А вот вернулся он из Америки совершенно больным.

Из воспоминаний Дины Шварц:

«Впоследствии Г. А. не раз говорил: “Меня сломала Америка”. Конечно, он заболел раньше. Болели ноги, повышалось давление, беспокоило и сердце. Возраст и вечное напряжение делали свое дело.

Что же случилось в Америке?

Надо сказать, что Г. А. на протяжении всей жизни доверялся людям не вполне достойным, которые на его имени делали свой бизнес, мотивируя свои поступки благом для Г. А. Одним из таких дельцов был некий Сергей Левин, эмигрант, бывший работник ленинградского телевидения. Он предложил после постановки в Принстоне совершить турне по городам Америки с лекциями о театре, о Станиславском и его методологии. К сожалению, Г. А. дал согласие еще до поездки. После напряженной работы над спектаклем, после ежедневных утренних и вечерних репетиций, Г. А. пустился в путь. Вместе с Нателой, которой он, по его словам, хотел показать Америку. Натела не слишком радовалась, ей было достаточно Принстона и Нью-Йорка. К тому же театр после премьеры предоставил им целую неделю отдыха в комфортабельных условиях. Но Г. А. вместе с Нателой отправился в путешествие по Америке, не отдохнув ни дня.
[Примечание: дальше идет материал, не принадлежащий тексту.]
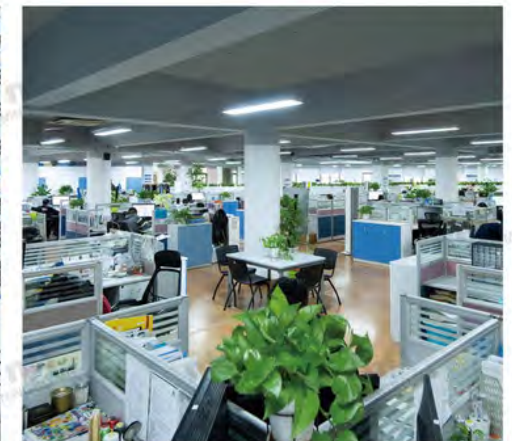
▲ Office-sales team working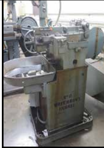
Waterbury Farrel No. 0 Flat Die Thread Roller

Левин, не сумев, вероятно, толком организовать выступления Г. А., стал на всем жестко экономить, и Г. А. был лишен возможности отдыхать даже ночью. Перерывы между выступлениями и перелетами они часто проводили в аэропортах. А надо сказать, что Г. А. по своему характеру и воспитанию никогда ничего в бытовом плане не просил и, тем более, не требовал…

Когда пришло время отправляться домой (через Москву), Г. А. встретился в аэропорту с отдохнувшим Кочергиным. Г. А. выглядел так плохо, что Эдик испугался: у него было совершенно серое и осунувшееся лицо. Такое же лицо было у него, когда мы его встретили на вокзале в Ленинграде…

В Америке какой-то врач, осмотрев Г. А., сказал, что если он бросит курить, то поживет еще долго, а если не бросит, то ему осталось два года жизни. У меня в жизни случались трагические последствия подобных предсказаний. С очень близкими людьми. Убеждена, что эти гадания и предсказания порочны, сознание впечатлительных людей неизбежно попадает под влияние предсказания. И самое ужасное то, что они часто сбываются. Так и случилось с Г. А., он скончался ровно через два года».

Товстоногов вернулся, и репетиции возобновились. Времени до выпуска спектакля оставалось совсем немного.

Георгий Александрович бросил курить, исчез из темной глубины зрительного зала тот огонек сигареты, который прославил не только Сергей Юрский, но и многие из тех, кто работал с Товстоноговым. И словно что-то еще исчезло вместе с этим огоньком.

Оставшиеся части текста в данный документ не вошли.